Clever vs. Readable
So, I’m looking at some Perl Books (Perl Best Practices By Damian Conway and Effective Perl Programming by By Joseph N. Hall and Randal L. Schwartz) and I found two encountered opinions on how good code should look like. In particular, both adressed (casually?) the following line:
$result = [$a=>$b]->[$b< =$a];
This returns the lowest of the two values.

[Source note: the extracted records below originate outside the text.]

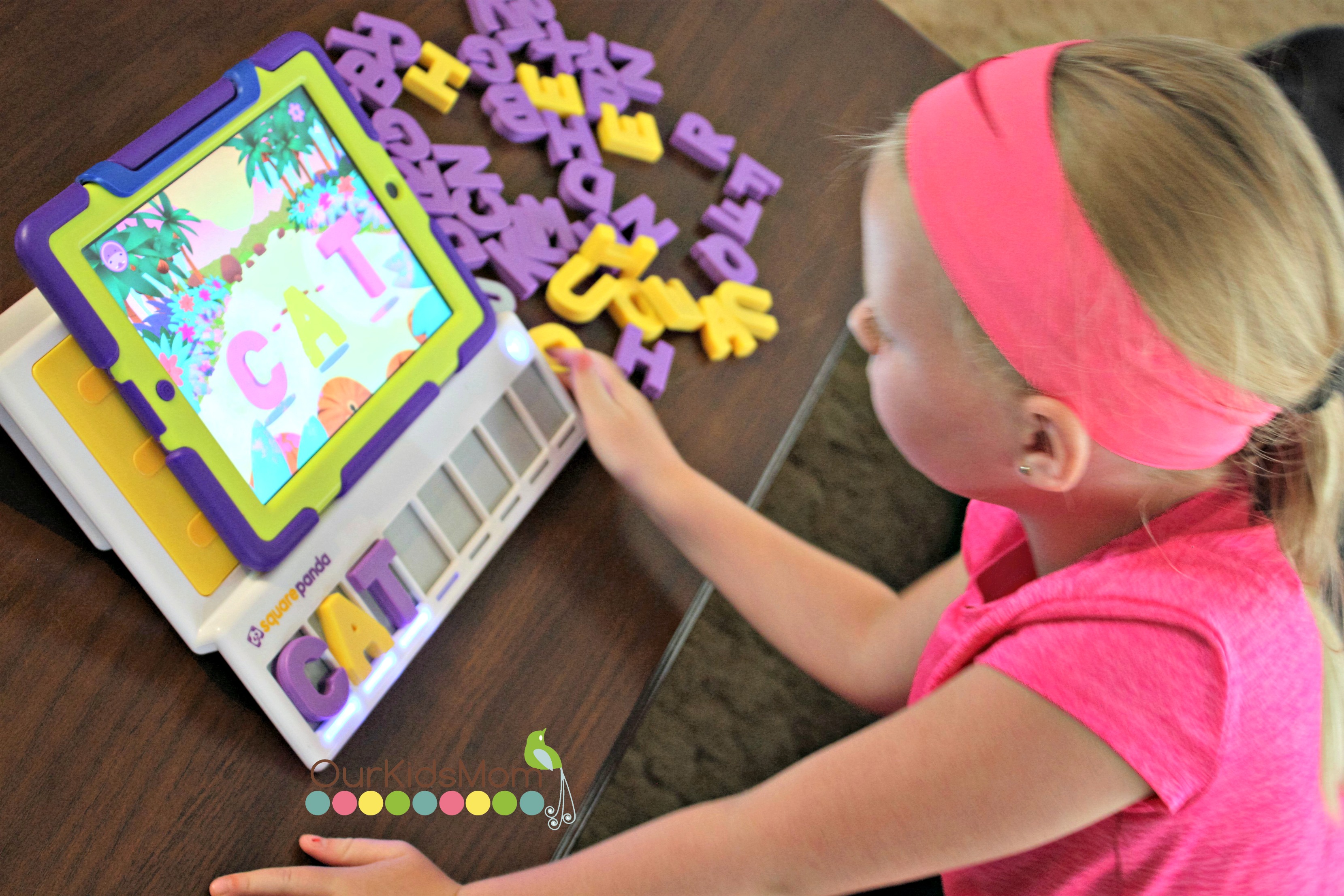 Square Panda is an iPad accessory that turns your iPad into a phonics reading aid. Using Bluetooth when you place letters in the letter box it will send the letters up to your iPad screen and transform your words into a visual picture.
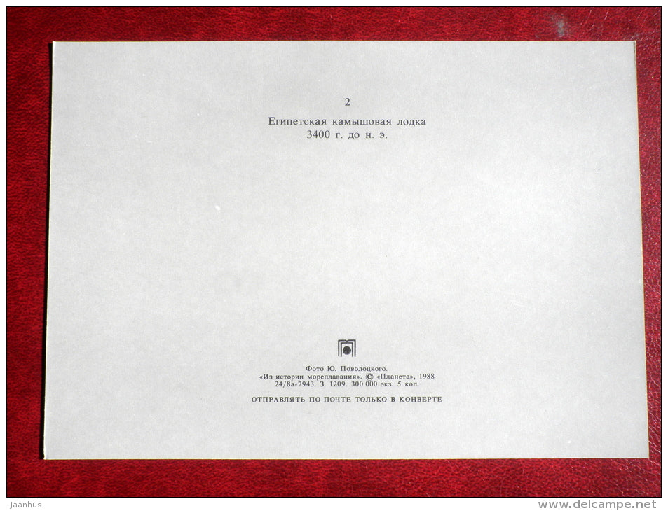 Egyptian reed boat , 3400 BC - model ship - 1988 - Russia USSR - unused
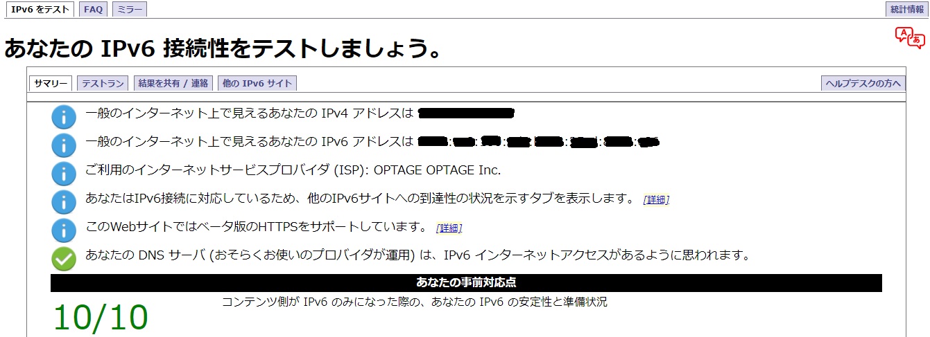 でも自分のIPアドレス知らんわ~っていう人もおるやろな?そういう人はこっちのサイトにアクセスしてみてな。「IPv6 確認」って検索してもええで~。
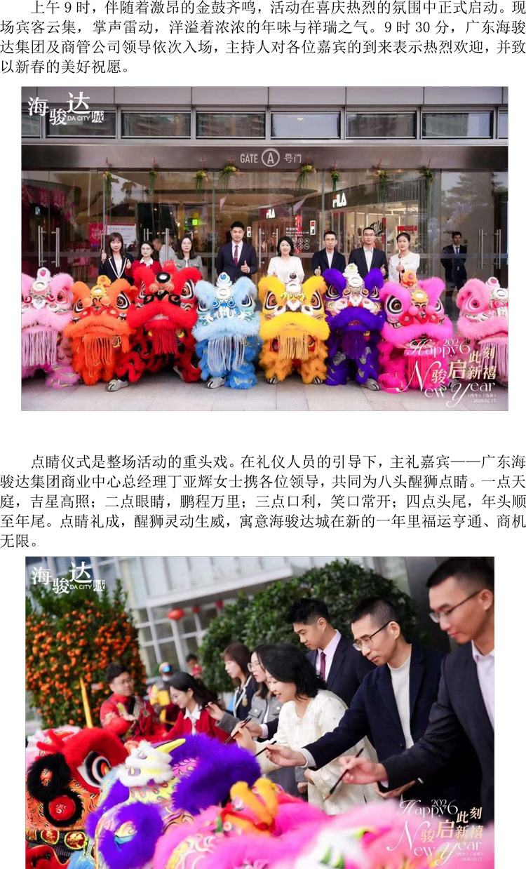 顺德海骏达城2026年新春开门红醒狮贺岁仪式圆满举行
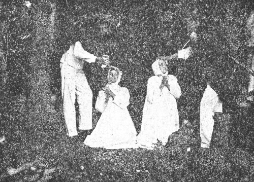 [The Queen seats herself upon the mound as a throne, while the rest group themselves about her. Crystal, Pearl, and several others step to left, looking off intently, as though something attracted their notice.]
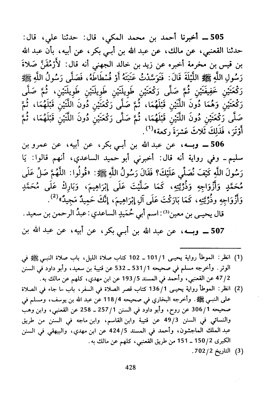 506 - وَبِهِ، عَنْ عَبْدِ اللَّهِ بْنِ أَبِي بَكْرٍ، عَنْ أَبِيهِ، عَنْ عَمْرِو بْنِ سُلَيْمٍ، وَفِي رِوَايَةِ أَنَّهُ قَالَ: أَخْبَرَنِي أَبُو حُمَيْدٍ السَّاعِدِيُّ، أَنَّهُمْ قَالُوا: يَا رَسُولَ اللَّهِ كَيْفَ نُصَلِّي عَلَيْكَ؟ فَقَالَ رَسُولُ اللَّهِ صَلَّى اللَّهُ عَلَيْهِ وَسَلَّمَ: " قُولُوا: اللَّهُمَّ صَلِّ عَلَى مُحَمَّدٍ وَأَزْوَاجِهِ وَذُرِّيَّتِهِ، كَمَا صَلَّيْتَ عَلَى إِبْرَاهِيمَ، وَبَارِكْ عَلَى مُحَمَّدٍ وَأَزْوَاجِهِ وَذُرِّيَّتِهِ، كَمَا بَارَكْتَ عَلَى آلِ إِبْرَاهِيمَ، إِنَّكَ حُمَيْدٌ مَجِيدٌ ".
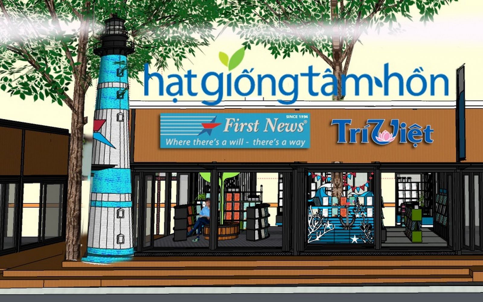 “Kệ sách Hạt Giống Tâm Hồn”được thiết kế độc đáovới chỗ ngồi đọc sách thoải mái ngay bên trong kệ sách. Đây là nơi được bạn trẻ ưa thích và chụp hình nhiềutrong gian hàng.Ý tưởng này dựa trên một thiết kế đoạt giải trong cuộc thi thiết kế kệ sáchsáng tạo ở Nhật Bản.
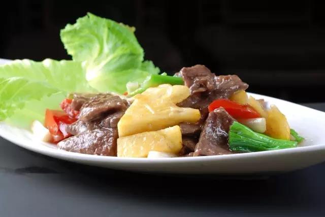 將菠蘿去皮,切成薄片,倒進(jìn)油鍋里炒肉絲,起鍋時(shí)灑上蕪荽、蔥葉,美其名曰“菠蘿炒肉”。肉絲只能用豬肉,否則會(huì)破壞這道菜甜而鮮的味道。
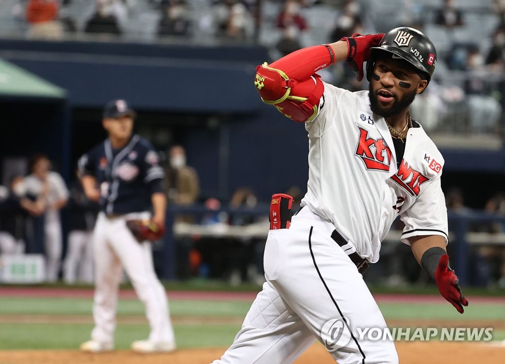 ▲ In this file photo from Nov. 10, 2020, Mel Rojas Jr. of the KT Wiz celebrates his solo home run against the Doosan Bears in the bottom of the third inning of Game 2 of the second-round series in the Korea Baseball Organization postseason at Gocheok Sky Dome in Seoul. (Yonhap)
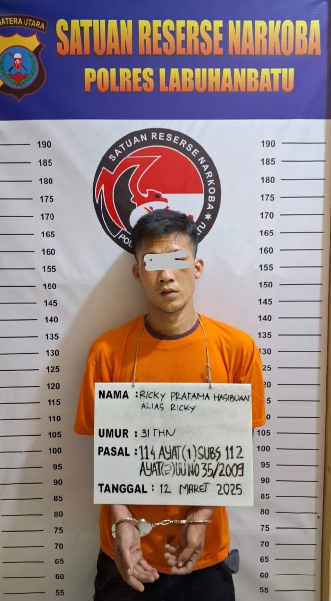 Satresnarkoba Polres Labuhanbatu kembali mengungkap kasus peredaran narkotika di wilayah hukumnya. Seorang pria berinisial RPH alias Ricy (31), yang merupakan residivis, berhasil diamankan bersama barang bukti narkotika jenis sabu di Jalan Balai Desa, Kelurahan Sirandorung, Kecamatan Rantau Utara, Kabupaten Labuhanbatu, pada Rabu (12/3/2025) malam.
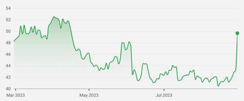 Ciena過去三個月的股價走勢實際上是U型的。今年6月,當這家光學設(shè)備制造商公布第二財季數(shù)據(jù)時,由于對積壓訂單的擔憂和向下修正指引,該公司股價下跌了十分之一?,F(xiàn)在,在Smith吹噓市場份額的增長和客戶對Ciena系列產(chǎn)品的強勁需求之后,該公司在紐交所開盤時上漲了13%。在印度,Ciena正受益于反華為情緒和5G的大規(guī)模推出。
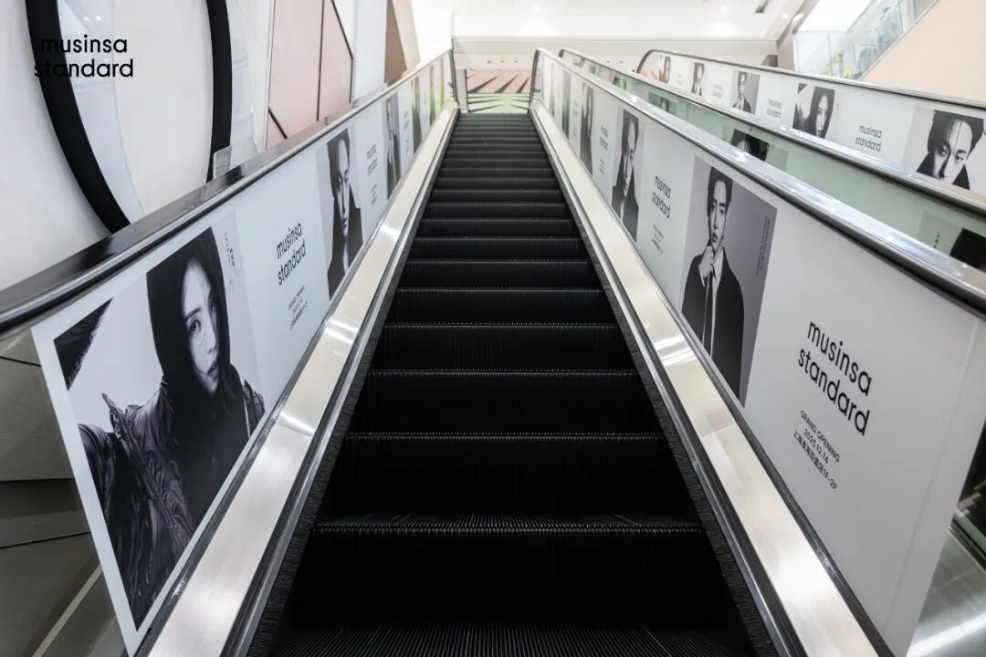 淮海百盛对于MUSINSA STANDARD的到来,也表现出来了足够的诚意,外立面、商场内广告牌以及扶梯都官宣了MUSINSA STANDARD开业的消息。
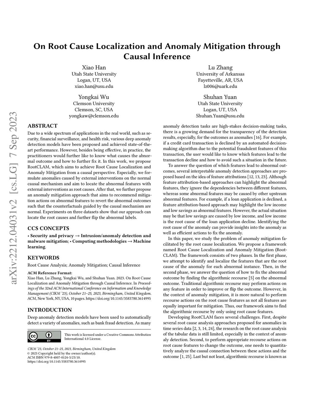 Due to a wide spectrum of applications in the real world, such as security, financial surveillance, and health risk, various deep anomaly detection models have been proposed and achieved state-of-the-art performance. However, besides being effective, in practice, the practitioners would further like to know what causes the abnormal outcome and how to further fix it. In this work, we propose RootCLAM, which aims to achieve Root Cause Localization and Anomaly Mitigation from a causal perspective. Especially, we formulate anomalies caused by external interventions on the normal causal mechanism and aim to locate the abnormal features with external interventions as root causes. After that, we further propose an anomaly mitigation approach that aims to recommend mitigation actions on abnormal features to revert the abnormal outcomes such that the counterfactuals guided by the causal mechanism are normal. Experiments on three datasets show that our approach can locate the root causes and further flip the abnormal labels.
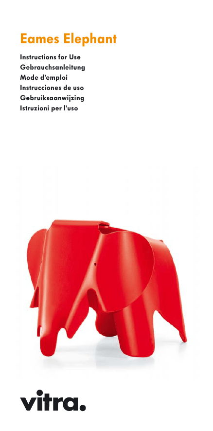 Eames Elephant Instructions for Use Gebrauchsanleitung Mode d’emploi Instrucciones de uso Gebruiksaanwijzing Istruzioni per l’uso You have decided to purchase a Vitra quality product. The Vitra mark is a guarantee that you own an original product by Charles & Ray Eames. Eames Elephant complies with the standards EN71, ASTM F 963-07. Sie haben sich für ein Vitra-Qualitätsprodukt entschieden. Die Marke Vitra garantiert Ihnen, dass Sie ein OriginalProdukt von Charles & Ray Eames besitzen. Eames Elephant entspricht den Normen EN71, ASTM F 963-07. Vous avez choisi un produit de qualité Vitra. La marque Vitra vous garantit de posséder un produit authentique de Charles & Ray Eames. Eames Elephant répond aux exigences des normes EN71, ASTM F 963-07. Acaba de adquirir un producto de calidad Vitra. La marca Vitra le garantiza que ha adquirido un producto original de Charles & Ray Eames. Eames Elephant cumple las normas EN71, ASTM F 963-07. Gefeliciteerd met uw aankoop van een Vitra-kwaliteitsproduct. Het merk Vitra verschaft u de zekerheid dat u een origineel product van Charles & Ray Eames in uw bezit heeft. Eames Elephant voldoet aan de normen EN71, ASTM F 963-07. Avete scelto un prodotto di qualità Vitra. Il marchio Vitra vi garantisce di essere in possesso di un prodotto originale di Charles & Ray Eames. Eames Elephant è conforme alle norme EN71, ASTM F 963-07. Charles (1907-1978) and Ray (1912-1988) Eames number among the most important figures in twentieth-century design. During the four decades of their work together, the Eameses produced not only many groundbreaking furniture designs, but also significant architectural works, exhibitions, films, graphics and photographs. Vitra‘s collaboration with Charles and Ray Eames began in 1957. For over 50 years, Vitra has worked closely with the Eames Office in the production of Eames furniture with guaranteed standards of high quality and authenticity. Charles (1907-1978) y Ray (1912-1988) Eames se encuentran entre las figuras más destacadas del diseño del siglo XX. En sus cuatro décadas de colaboración, además de diseños de muebles que abrieron nuevos horizontes, también crearon importantes construcciones, exposiciones, películas, gráficos y fotografías. La colaboración de Charles y Ray Eames con Vitra comenzó en 1957. Vitra lleva 50 años garantizando una fabricación auténtica y de gran calidad de los muebles de los Eames de acuerdo con la Eames Office Charles (1907-1978) und Ray (1912-1988) Eames zählen zu den bedeutendsten Persönlichkeiten des Designs im 20. Jahrhundert. In den vier Jahrzehnten ihrer Zusammenarbeit entstanden neben wegweisenden Möbelentwürfen auch bedeutende Bauten, Ausstellungen, Filme, Grafiken und Fotografien. Im Jahr 1957 begann die Zusammenarbeit von Charles und Ray Eames mit Vitra. Seit nunmehr 50 Jahren garantiert Vitra in Abstimmung mit dem Eames Office die authentische und hochwertige Umsetzung von Eames Möbeln. Charles (1907-1978) en Ray (1912-1988) Eames behoren tot de belangrijkste persoonlijkheden van het 20ste-eeuwse design. In de vier decennia dat zij samenwerkten, kwamen niet alleen tal van baanbrekende meubelontwerpen, maar ook belangrijke gebouwen, tentoonstellingen, films, grafiek en foto‘s tot stand. In 1957 begon de samenwerking van Charles en Ray Eames met Vitra. Sinds meer dan 50 jaar staat Vitra in samenspraak met het Eames Office borg voor de productie van hoogwaardige meubelen naar authentiek ontwerp van de Eames. Charles (1907-1978) et Ray (1912-1988) Eames comptent parmi les plus importantes personnalités du design du 20e siècle. Au cours des quarante ans de leur collaboration, des créations mobilières innovatrices, des constructions, expositions, films, travaux graphiques et photographies remarquables virent le jour. La coopération de Charles et Ray Eames avec Vitra débuta en 1957. Depuis désormais 50 ans, Vitra garantit la fabrication de meubles Eames authentiques et de première qualité, en concertation avec l‘Eames Office. Charles (1907-1978) e Ray (1912-1988) Eames sono annoverati fra le personalità di maggior spicco del design del 20° secolo. Durante un sodalizio durato oltre quaranta anni gli Eames hanno realizzato progetti di mobili innovativi, oltre ad importanti opere, mostre, film, realizzazioni grafiche e fotografiche. L‘anno 1957 vide l‘inizio della collaborazione di Charles e Ray Eames con Vitra. Da oltre 50 anni Vitra, in accordo con l‘Eames Office, garantisce la realizzazione di mobili Eames autentici e di grande pregio. User information Advertencias para el usuario Read these instructions completely before using your new product and keep them close at hand for future reference. For service questions contact your authorized dealer or national affiliate. Your product should be used only whilst exercising the appropriate degree of care and in accordance with the manufacturer’s instructions. In line with its intended purpose your product may only be utilised as a toy; please pay due care to ensure its correct, safe use. The use of your product for any purpose other than the one intended by the manufacturer, will result in an increased risk of accidents. Lea usted con cuidado las presentes instrucciones de empleo antes de hacer uso de su nuevo producto y guárdelas en un lugar seguro con el fin de poder consultarlas posteriormente siempre que sea necesario. Para cuestiones de asistencia, diríjase a su establecimiento especializado a su sociedad nacional. Este producto se debe utilizar con la debida diligencia y de acuerdo con la finalidad para la que ha sido diseñado, es decir, como juguete infantil. De empleárselo con otra finalidad, se correrá un riesgo elevado de sufrir un accidente. Clean the surface of your Eames Elephant with a damp cloth and a mild cleaning solution. We recommend always using cleaning agents that are environmentfriendly. Dry carefully. Haga el favor de limpiar la superficie de su Eames Elephant con un trapo 
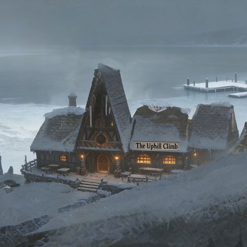 The common room is quieter than most. A few locals sit with bowls of chowder and tired shoulders, speaking only when they must. Firelight pushes back the cold in soft, uneven waves. Outside, the wind still moves along the lake and under the eaves.
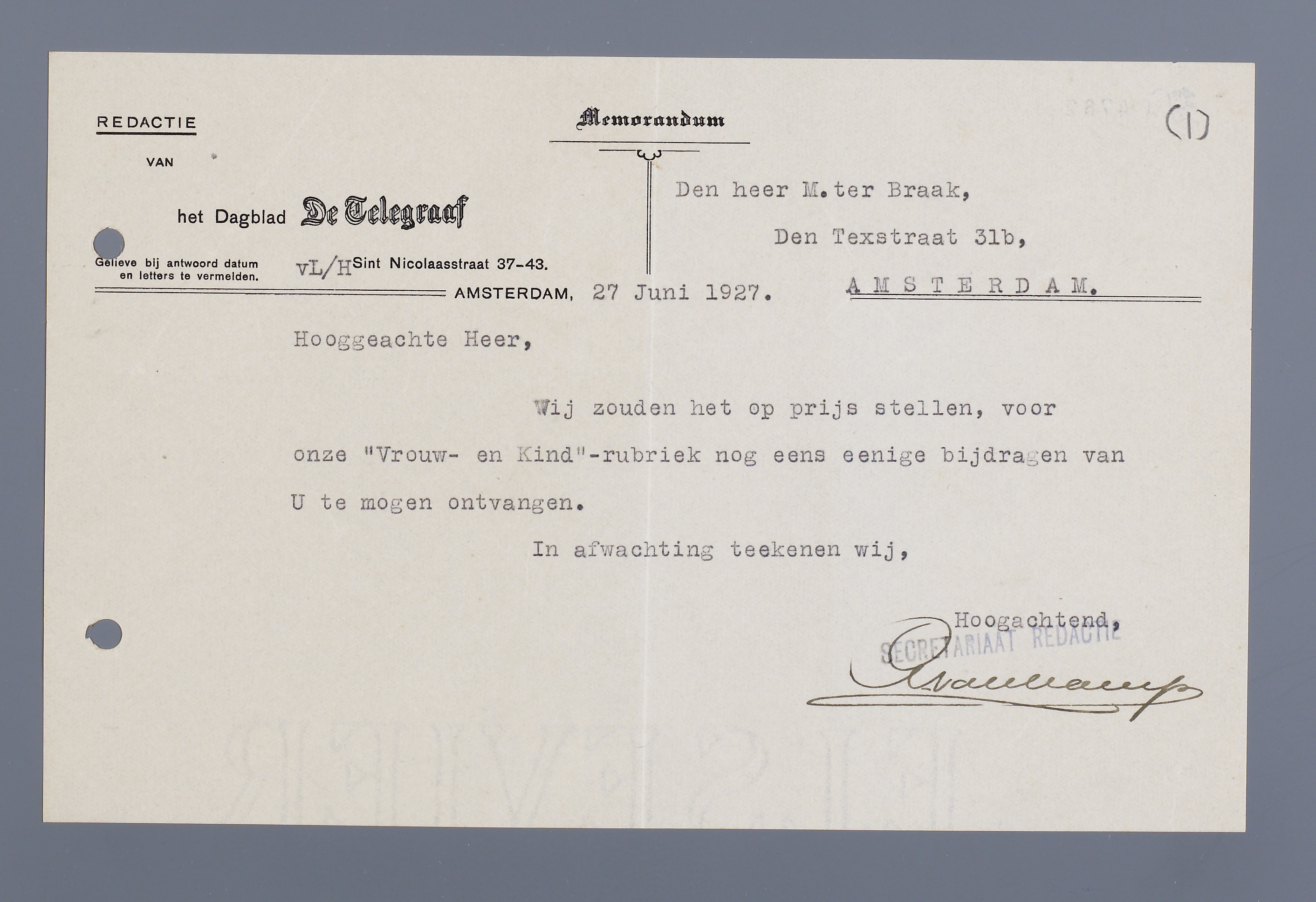 Wij zouden het op prijs stellen, voor onze ‘Vrouw- en Kind’-rubriek nog eens eenige bijdragen van U te mogen ontvangen.
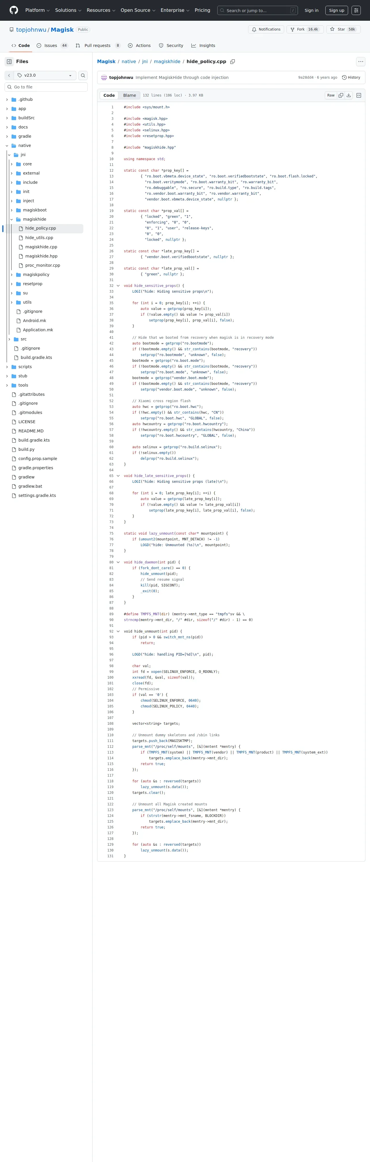 https://github.com:443/topjohnwu/Magisk/blob/v23.0/native/jni/magiskhide/hide_policy.cpp
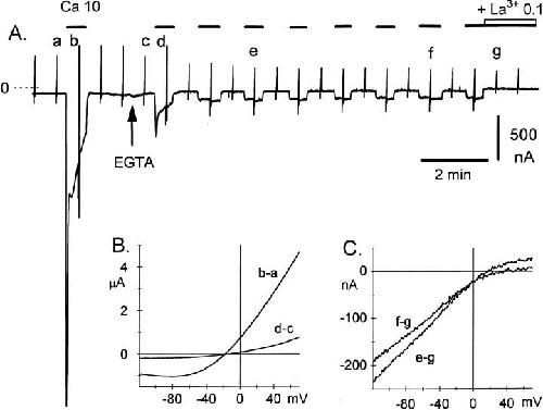 Parekh, Depletion of InsP3 stores activates a Ca2+ and K+ current by means of a phosphatase and a diffusible messenger. 1993, Pubmed , Xenbase

Let’s see what they said about it!
* Effective Perl:
“This wonderfully symmetrical one-liner contributed by Phil Abercrombie returns the lesser of $a and $b….
* Perl Best Practices:
“[...] The syntactic symmetry is very elegant, of course, and devising it obviously provided the original developer with a welcome diversion from the tedium of everyday coding. But a clever line of code like that is a (recurring) nightmare to understand and to maintain, and imposes an unnecessary burden on everyone in the development and maintenance teams…
My google alert for “Phil Abercrombie” turned this one up recently, and I was pleased to see that something I’d done so casually is causing soul-searching and conflict amongst a new generation of perl monkeys.
To understand the spirit in which this code was offered up, the monkeys should read http://groups.google.com/group/comp.lang.perl.misc/browse_thread/thread/f935e8ea5637db9c. Readability was hardly a goal when Joseph Hall solicited these contributions. This one was crafted to use the misdirection of symmetry to hide the multiple roles that some characters play in perl’s rich lexicography.
I have used it as an interview question (“What does this do?”) but I wouldn’t expect to see it in any real code.